▶ Collected material:
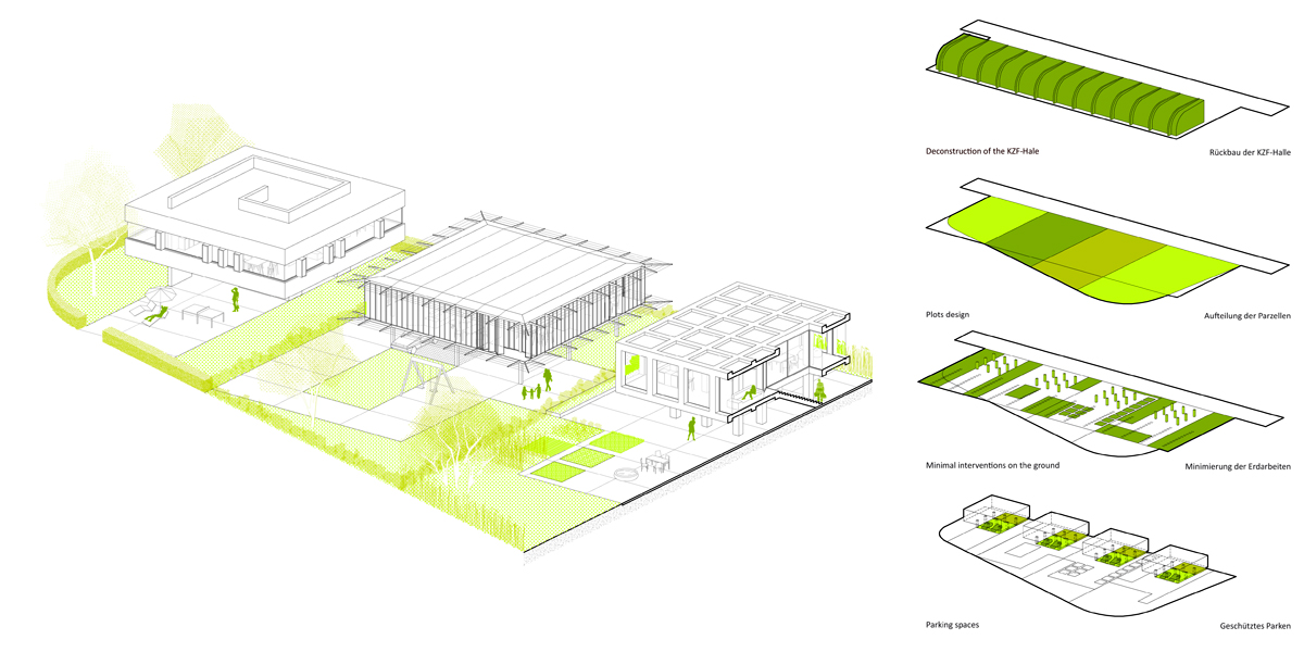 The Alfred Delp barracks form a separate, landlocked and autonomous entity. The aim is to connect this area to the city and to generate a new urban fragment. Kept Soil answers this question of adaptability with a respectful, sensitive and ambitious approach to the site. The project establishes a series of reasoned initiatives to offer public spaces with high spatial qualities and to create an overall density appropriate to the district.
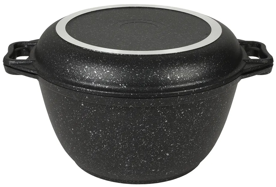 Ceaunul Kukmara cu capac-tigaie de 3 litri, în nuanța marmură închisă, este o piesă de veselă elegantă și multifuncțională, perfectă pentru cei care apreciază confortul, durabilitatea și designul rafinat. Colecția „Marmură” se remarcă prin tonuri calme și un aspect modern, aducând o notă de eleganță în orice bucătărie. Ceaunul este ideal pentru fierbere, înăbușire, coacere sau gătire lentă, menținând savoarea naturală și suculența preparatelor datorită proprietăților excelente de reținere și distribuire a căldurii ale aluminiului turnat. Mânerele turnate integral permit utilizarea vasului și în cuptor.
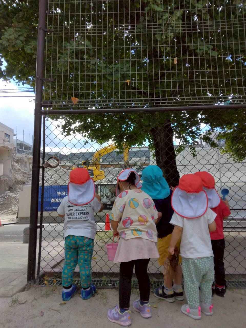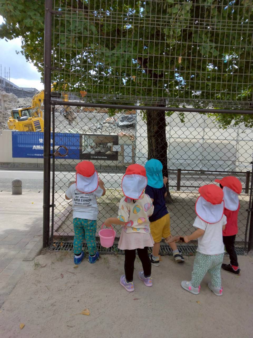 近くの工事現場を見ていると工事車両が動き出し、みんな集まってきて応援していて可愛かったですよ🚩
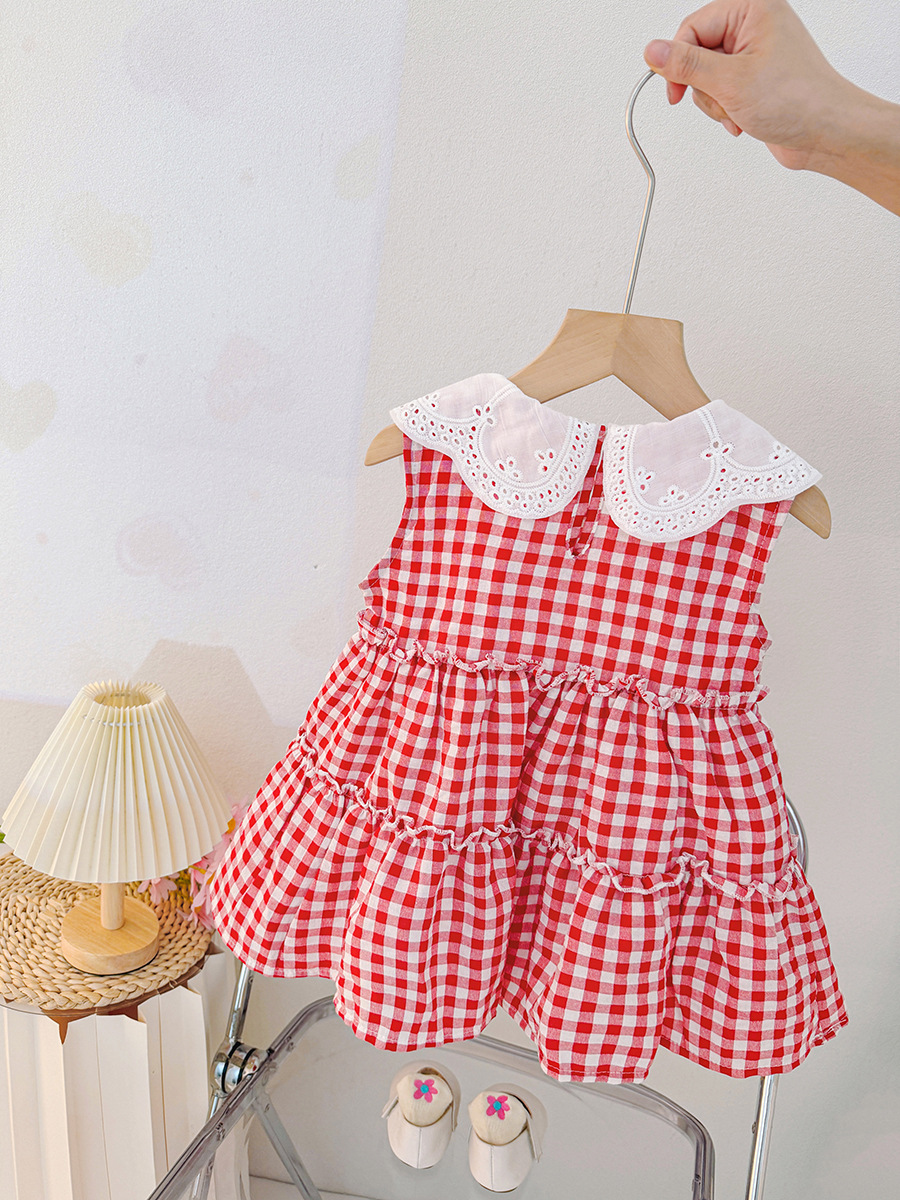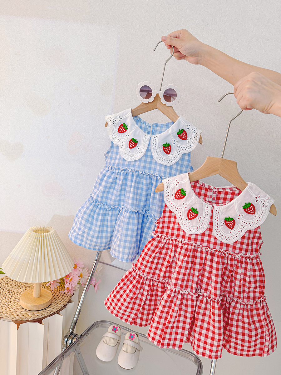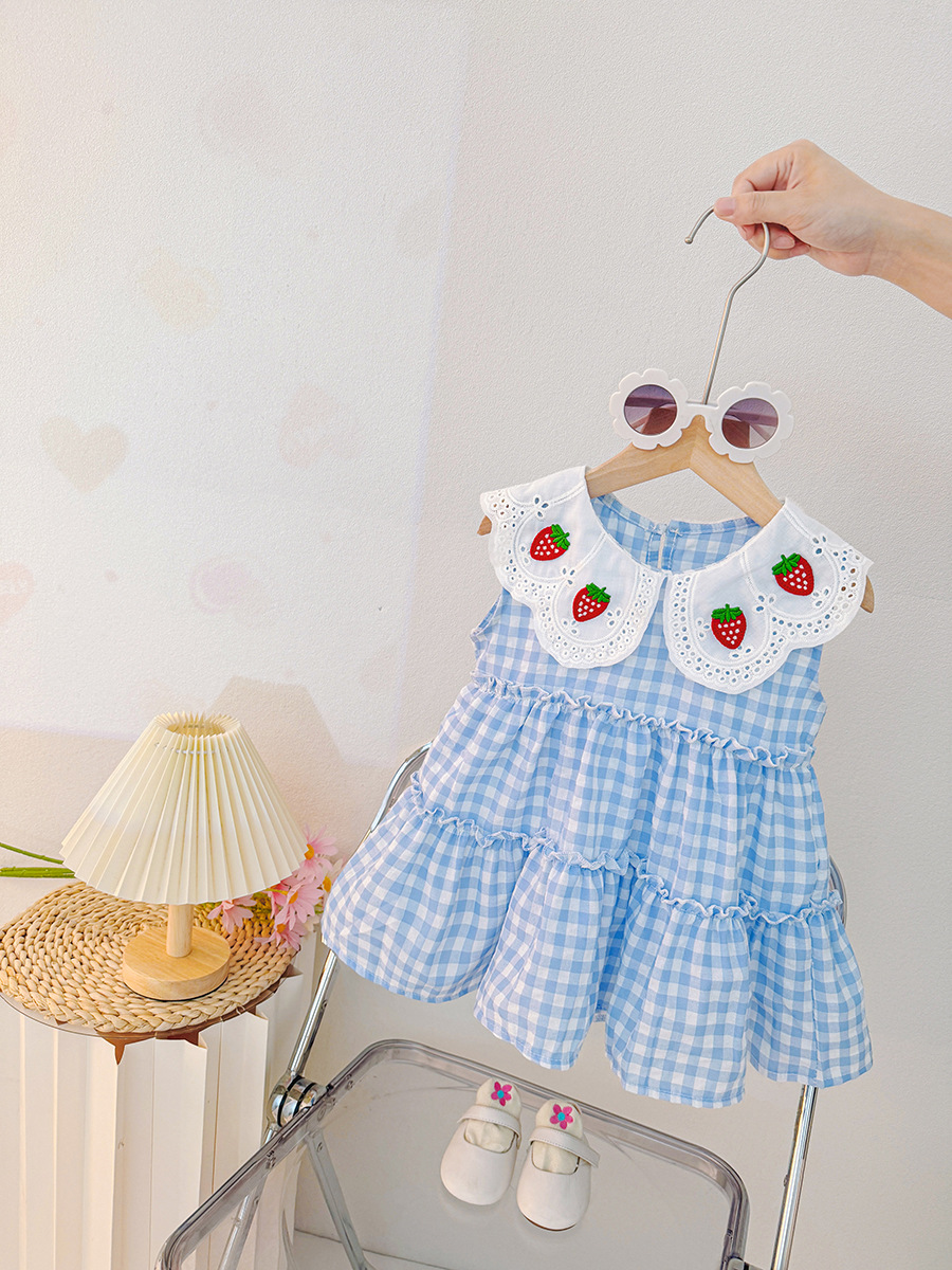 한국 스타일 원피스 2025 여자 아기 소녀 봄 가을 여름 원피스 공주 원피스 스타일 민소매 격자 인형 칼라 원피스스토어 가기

▶ What is expected: Repeat only the lines from the one holding "近くの工事現場を見ていると工" through the last line of the data, inclusive. Keep the pictures out.

▶ Exercise output:
 近くの工事現場を見ていると工事車両が動き出し、みんな集まってきて応援していて可愛かったですよ🚩
 한국 스타일 원피스 2025 여자 아기 소녀 봄 가을 여름 원피스 공주 원피스 스타일 민소매 격자 인형 칼라 원피스스토어 가기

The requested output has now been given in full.